IV. L’indemnité d’office de Me D. Z________est arrêtée à 3’710 fr. 85 (trois mille sept cents dix) francs et 85 (huitante-cinq) centimes, TVA comprise.
V. Le bénéficiaire de l’assistance judiciaire est, dans la mesure de l’art. 123 CPC, applicable par renvoi de l’art. 18 al. 5 LPA-VD, tenu au remboursement des frais judiciaires et de l’indemnité du conseil d’office mis à la charge de l’Etat.
Lausanne, le 16 février 2016
Le
président:
Le présent arrêt est communiqué aux destinataires de l'avis d'envoi ci-joint, ainsi qu'au Secrétariat d'Etat aux migrations (SEM).

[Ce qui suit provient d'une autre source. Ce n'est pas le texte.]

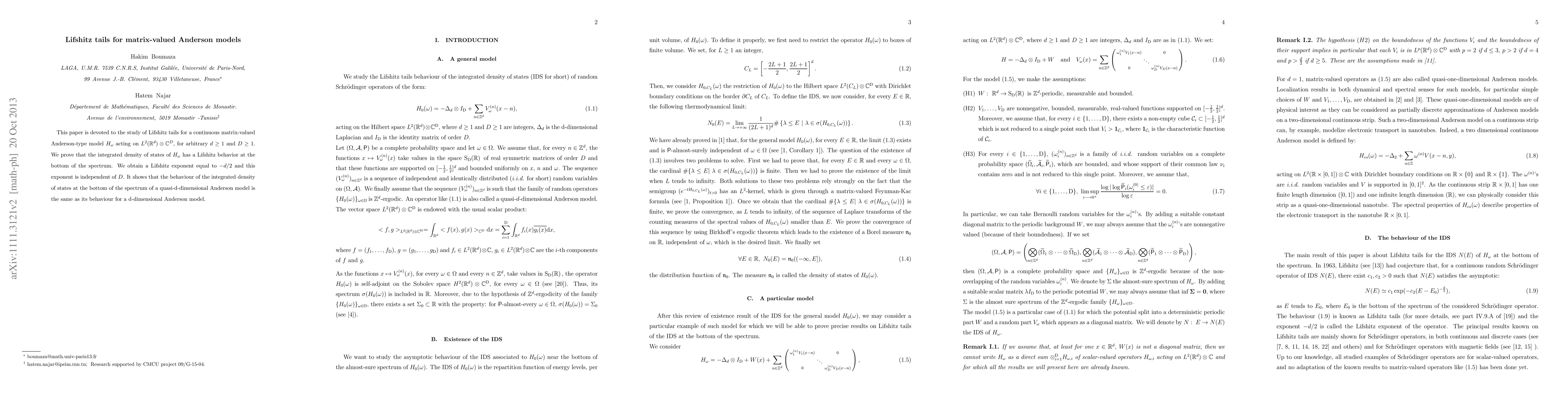This paper studies Lifshitz tails for a matrix-valued Anderson model, finding that the integrated density of states at the bottom of the spectrum has a Lifshitz behavior with an exponent of $-d/2$, independent of $D$.
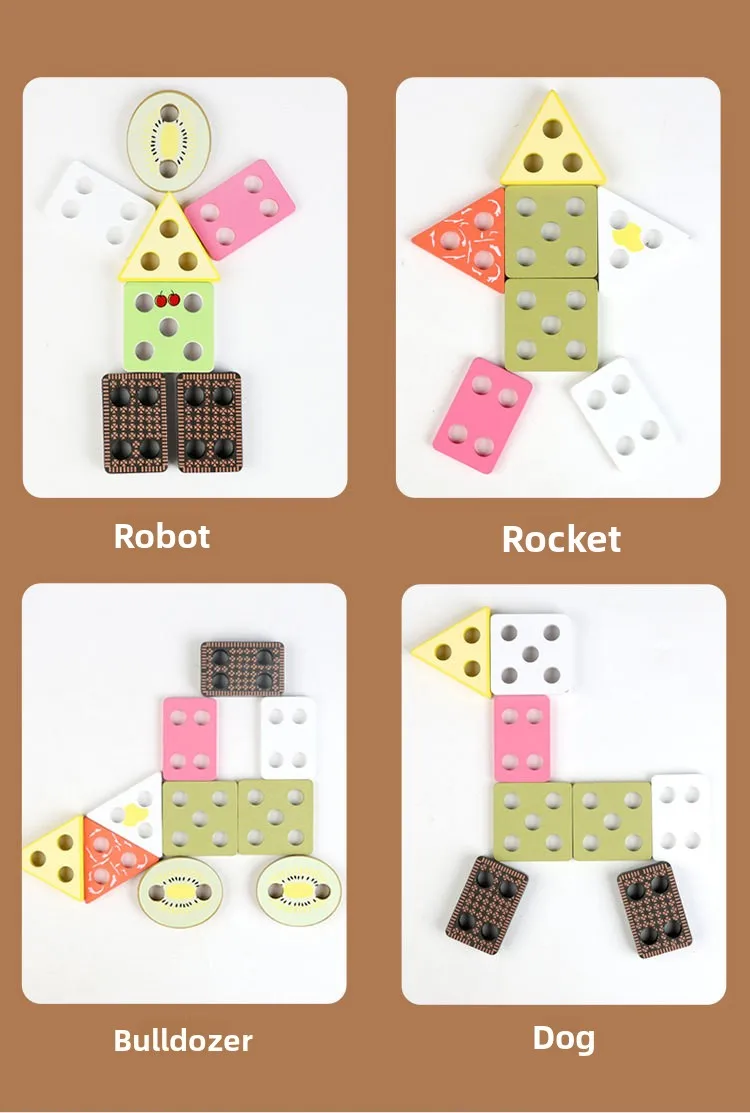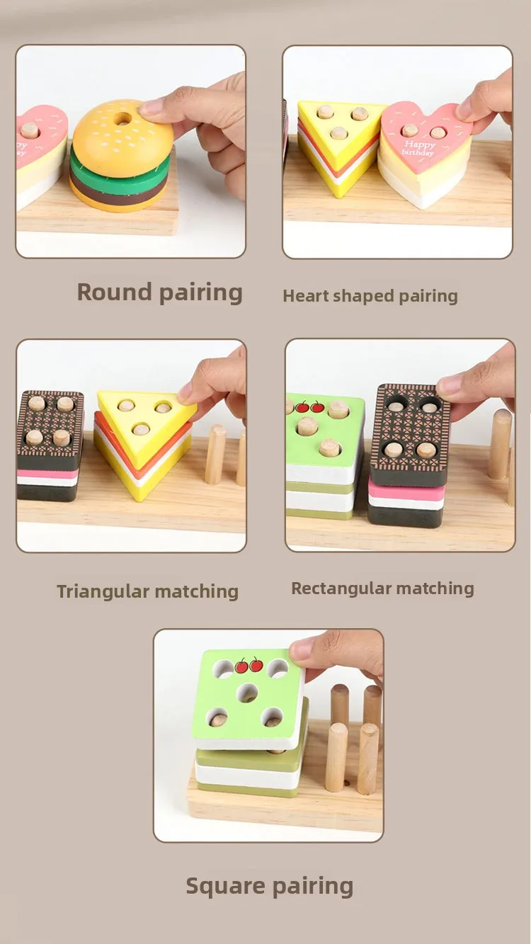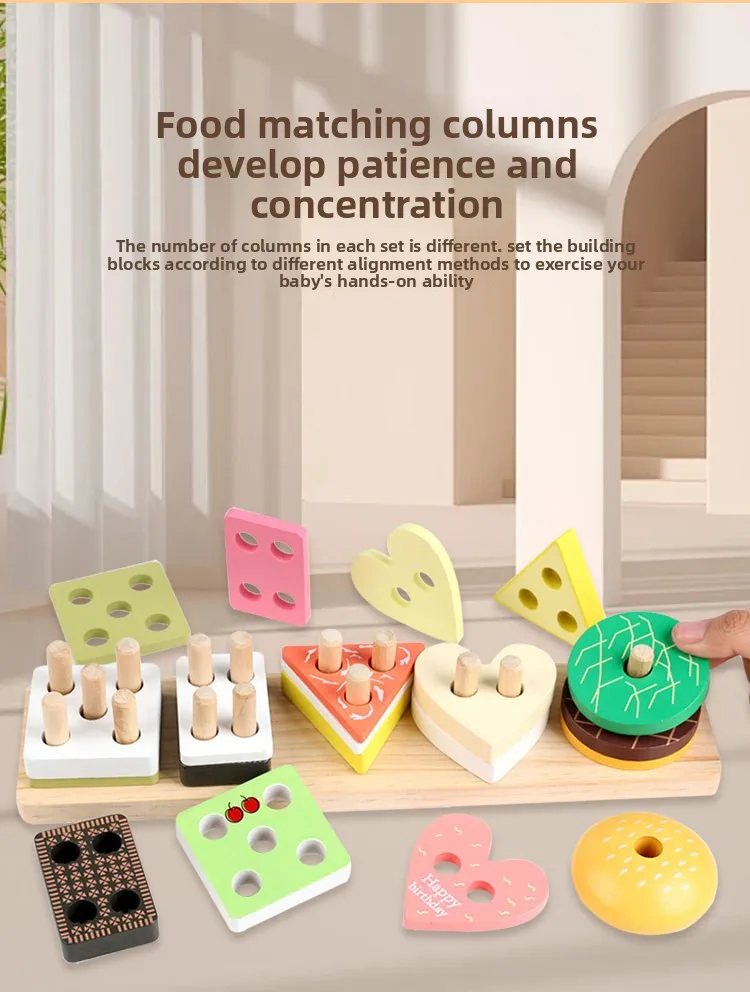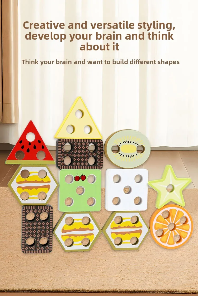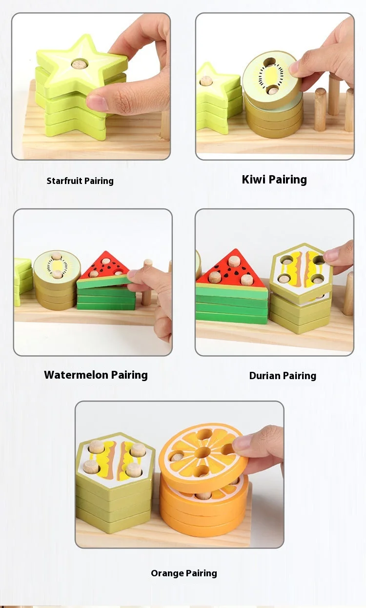 Houten geometrische vorm voedsel/fruit vijf sets kolommen vroeg educatieve puzzels Montessori houten sorteer- en stapelspeelgoed

Il peut faire l'objet, dans les trente jours suivant sa notification, d'un recours au Tribunal fédéral. Le recours en matière de droit public s'exerce aux conditions des articles 82 ss de la loi du 17 juin 2005 sur le Tribunal fédéral (LTF - RS 173.110), le recours constitutionnel subsidiaire à celles des articles 113 ss LTF. Le mémoire de recours doit être rédigé dans une langue officielle, indiquer les conclusions, les motifs et les moyens de preuve, et être signé. Les motifs doivent exposer succinctement en quoi l’acte attaqué viole le droit. Les pièces invoquées comme moyens de preuve doivent être jointes au mémoire, pour autant qu’elles soient en mains de la partie; il en va de même de la décision attaquée.